Barbara Pompili (born 13 June 1975) is a French politician who served as Minister of the Ecological Transition under Prime Minister Jean Castex from 2020 to 2022.

Pompili has previously served as member of the National Assembly for the 2nd constituency of Somme from 2012 to 2016 and from 2017 to 2020. A member of La République En Marche! (REM) since 2017, she was a member of The Greens (LV) from 2000 to 2010 and Europe Ecology – The Greens (EELV) from 2010 until 2015. Pompili served as Secretary of State for Biodiversity from 2016 to 2017.

Education
Born in Bois-Bernard, Pas-de-Calais, Pompili grew up in Liévin. She graduated from Sciences Po Lille.

Political career

Early career
First elected to the National Assembly in the 2012 legislative election, Pompili was the first female president of a parliamentary group in the lower house, co-leading the EELV group with François de Rugy, from 2012 until 2016. She also served on the Committee on Education and Cultural Affairs. 

In 2016, Pompili was appointed Secretary of State for Biodiversity in the government of Prime Minister Manuel Valls, under the Minister of Ecology, Ségolène Royal. She was reappointed when the government of Prime Minister Bernard Cazeneuve took office. During her time in office, she notably oversaw the entry into force of a French tax targeting palm oil and a ban on neonicotinoids in 2016. 

Pompili was an early supporter of Emmanuel Macron and the first minister in Hollande's government to openly support Macron's candidacy in the 2017 presidential election. She subsequently stood as a candidate of En Marche! (EM) in Somme's 2nd constituency, which she had represented from 2012 until 2016. She was reelected in the 2017 legislative election and subsequently served as chairwoman of the Sustainable Development, Spatial and Regional Planning Committee from 2017 until 2020. In this capacity, she led a 2018 parliamentary inquiry into France's nuclear safety and security. 

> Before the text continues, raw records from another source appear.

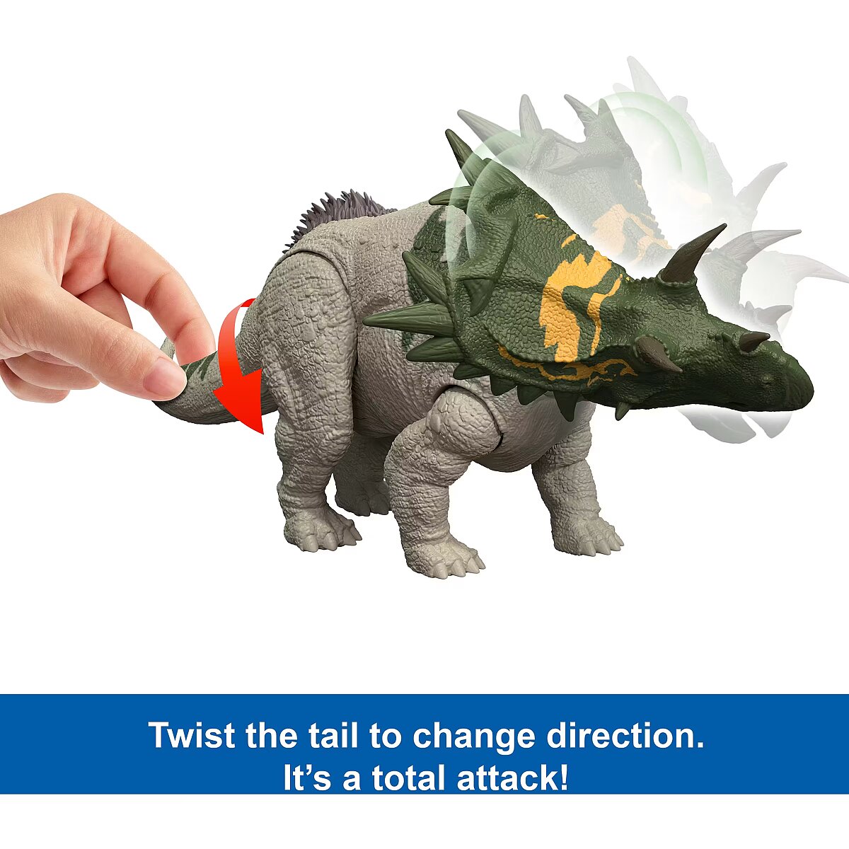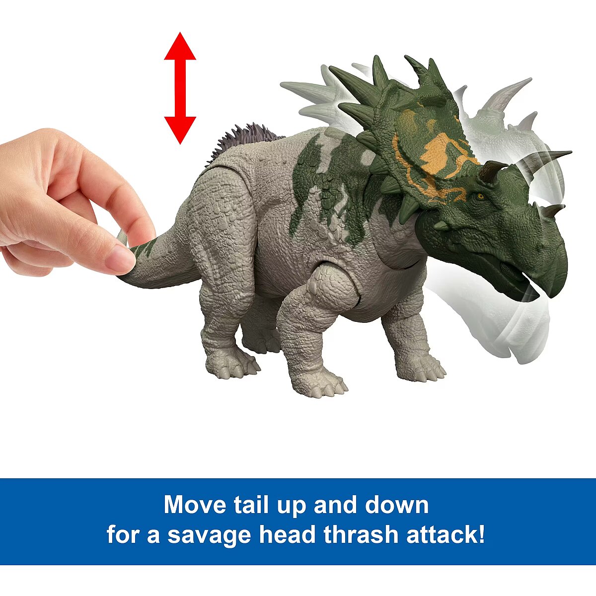 LongDesc - Get roaring and ferocious with this Wild Roar Spiclypeus inspired by Jurassic World Rebirth. It's a Total Attack kids can easily move the tail up and down on this dinosaur toy to activate a thrilling up and down head butt attack, accompanied by a savage roar, then twist the tail to change the direction to side to side! This 11-inch long movie-inspired figure has movable joints, ready for exciting battle play or dramatic display. Scan the Tracking Code on the dinosaur's foot in the free Jurassic World Play App with a compatible smart device (Android or iOS, not included) to unlock a digital version of the dinosaur and play the fiercely fun game to race various vehicles on land, air and sea. The Spiclypeus is suitable for dinosaur fans ages 4 years and older. Colours and decorations may vary.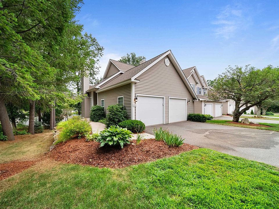 Convenient tranquility in one of Bedford's desired townhouse communities. This End Unit offers an open layout from kitchen to living room with vaulted ceiling. First floor primary suite along with a second floor bedroom suite and loft area for added bonus space. This well cared for townhouse features wood floors, granite counters, fireplace, first floor laundry and an abundance of natural light. Enjoy the spacious two car garage with easy access into the home. If you're looking for additional space, the walk-out lower level offers future expansion opportunities. The quiet, serene setting is close to shopping an amenities as well as easy access to major roadways. This is one that you will not want to miss out on.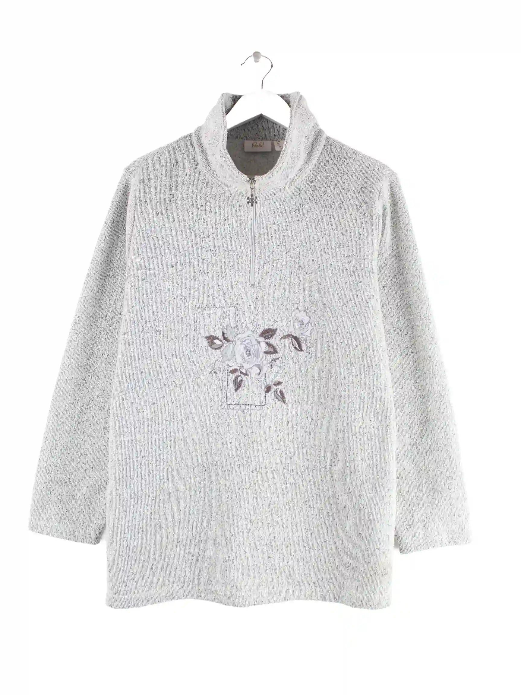 Vintage Damen 00s Flower Half Zip Pullover Grau L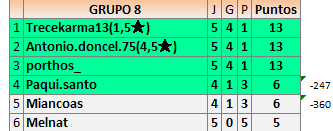 Deja un comentarioEn está página se irán publicando los resultados de las diferentes partidas, siendo ambos jugadores responsables de subirlos o de comprobar que ya hayan sido publicados insertando un COMENTARIO en la parte inferior de la pantalla (opción “Deja tu comentario”), indicando el nombre de los dos jugadores y los puntos obtenidos en la partida.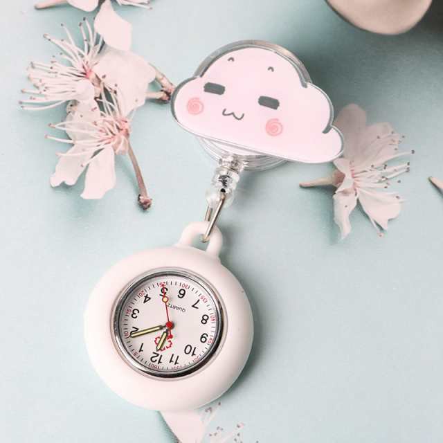 ナースウォッチ 懐中時計 クリップ式 シリコン製 見やすい ポケットウォッチ 看護師用 男女兼用 誕生日 シンプル 伸び縮み可能 可愛い スマイリー クリップ付き 送料無料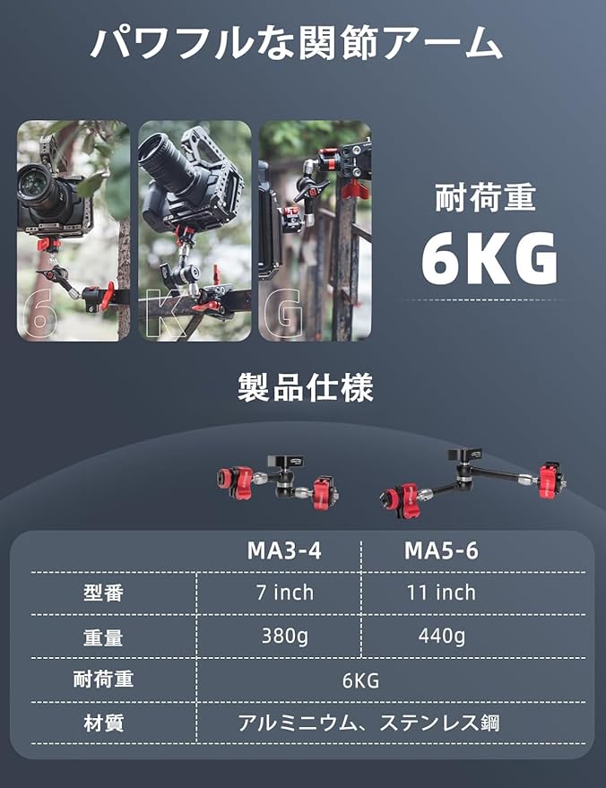 【タフなマジックアーム】アルミニウムとステンレスのオールメタル構造で、変形や破損を防ぎます; 最大負荷6KG。12ヶ月の保証と生涯アフターサービス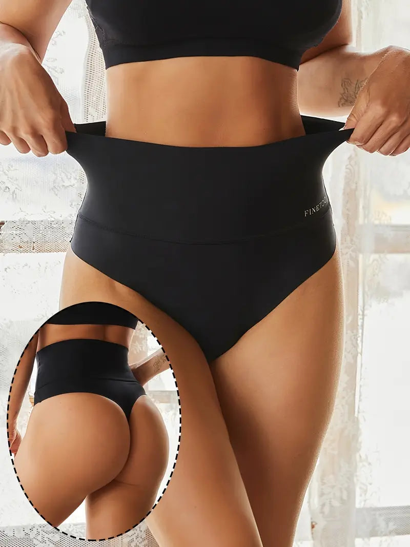 FINETOO Tanga con control de abdomen y cintura alta, sin costuras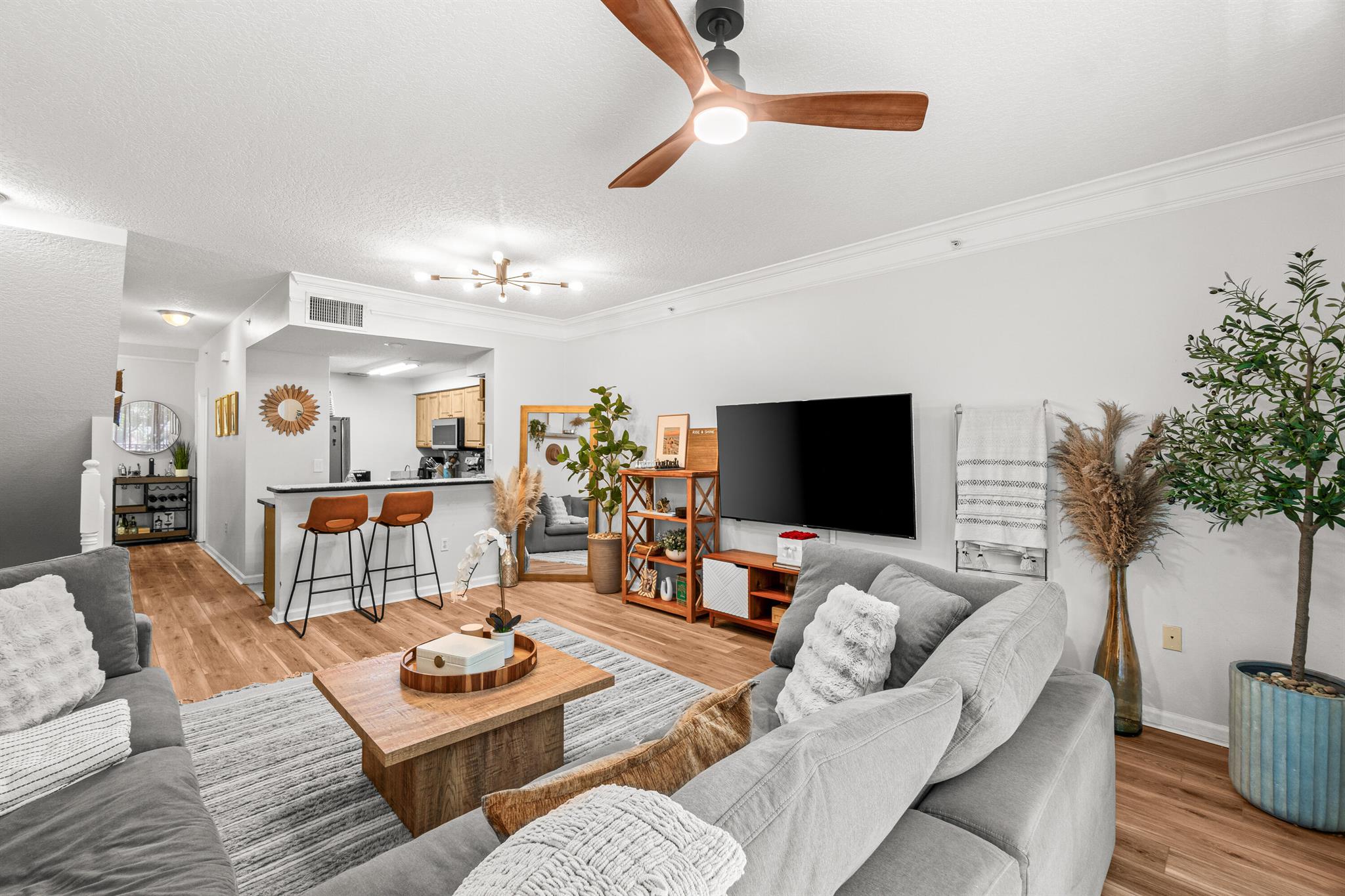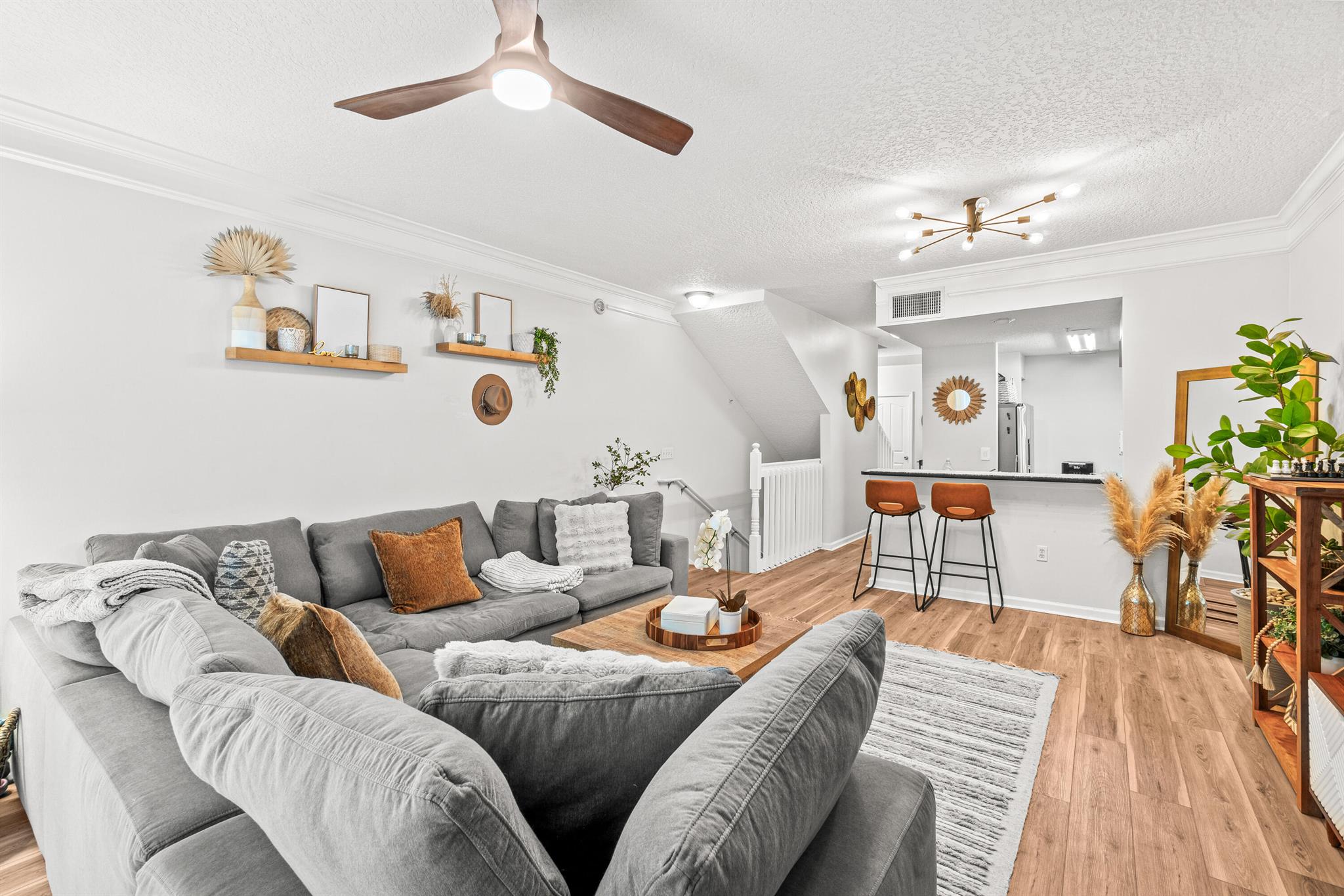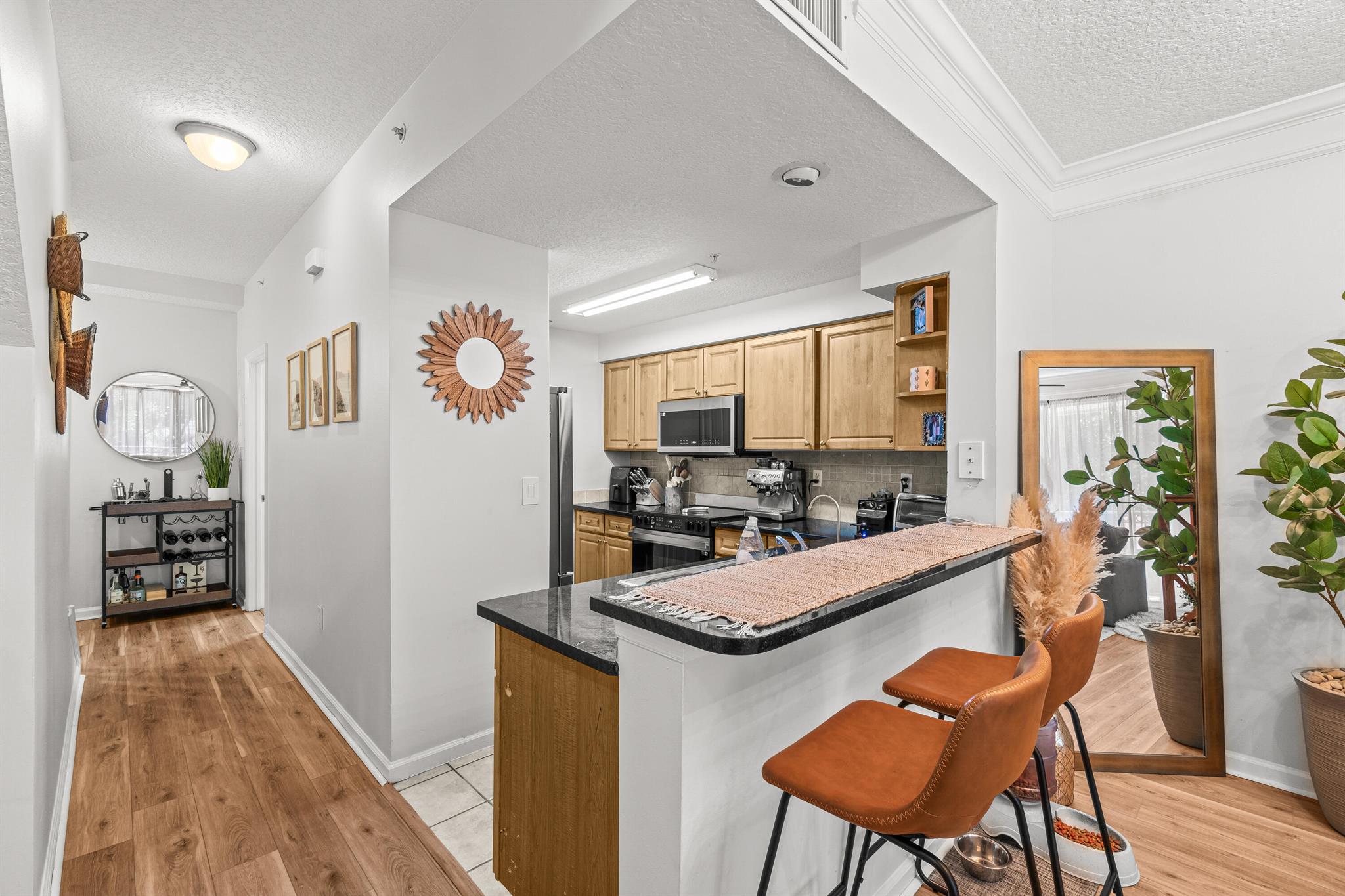 This bright and airy townhome is so centrally located you may end up spending too much money at Target. With Whole Foods right next door it's good that you'll have a 1 car garage to store all the extra supplies! Updated flooring and appliances make this a great place to have a few friends over and wow them with your new found cooking skills! Come sip coffee or espresso martinis on the balcony, your choice! Call from the guard gate and wave to your new friends as you pass the neighborhood pool and playground.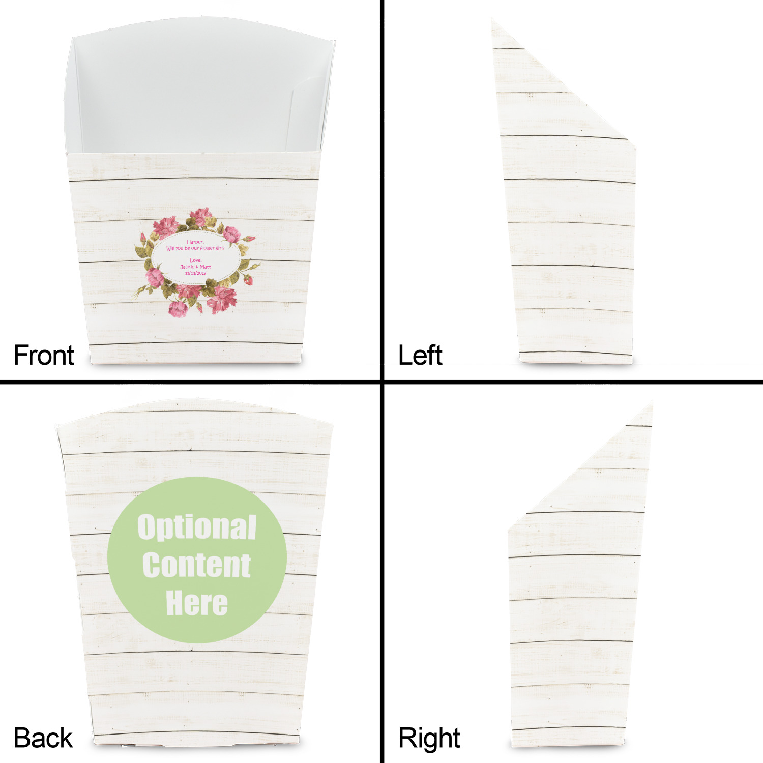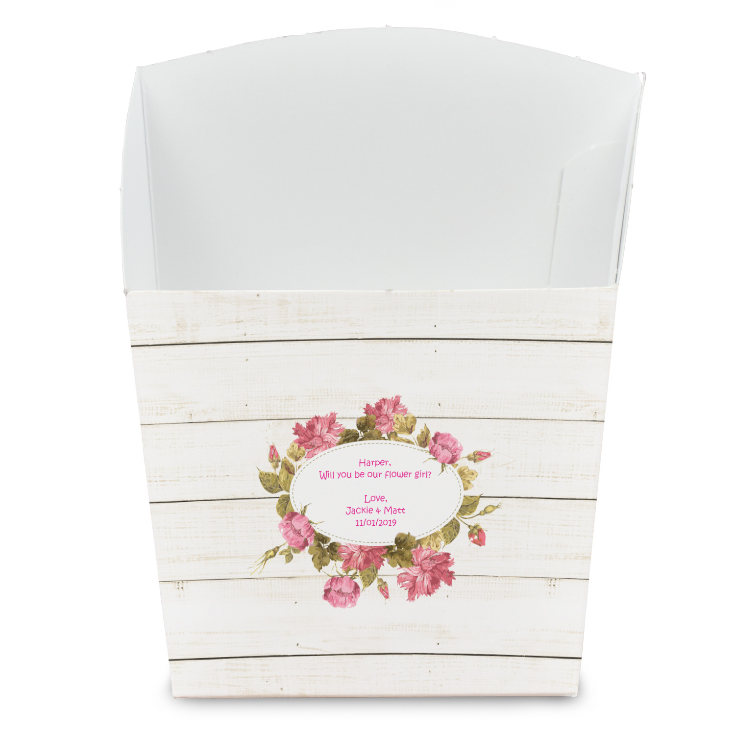 The main design has a background of weathered wooden planks. A beautiful light pink flower frame is used as the focal point of this design. The pink color of the frame and the personalization inside is the perfect contrast to the light colored wood.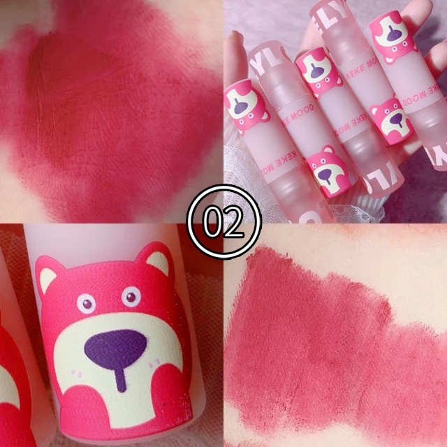 رژلب مایع مات Keke Mood مدل Strawberry Bear جلوه مخملی و نرم به لب میدهد و با بافت مایعی که دارد به لب حجم میبخشد و از خشک شدن پوست لب جلوگیری میکند.

In September 2018, after François de Rugy's appointment to the government, Pompili ran for the presidency of the National Assembly. In an internal vote within the LREM parliamentary group, she came in second; the position eventually went to the group's then-president Richard Ferrand.

Minister of the Ecological Transition, 2020–2022
Pompili co-founded a new political party; En Commun in 2020.

During Pompili's time in office, France banned plastic packaging for nearly all fruit and vegetables from 2022 in a bid to reduce plastic waste.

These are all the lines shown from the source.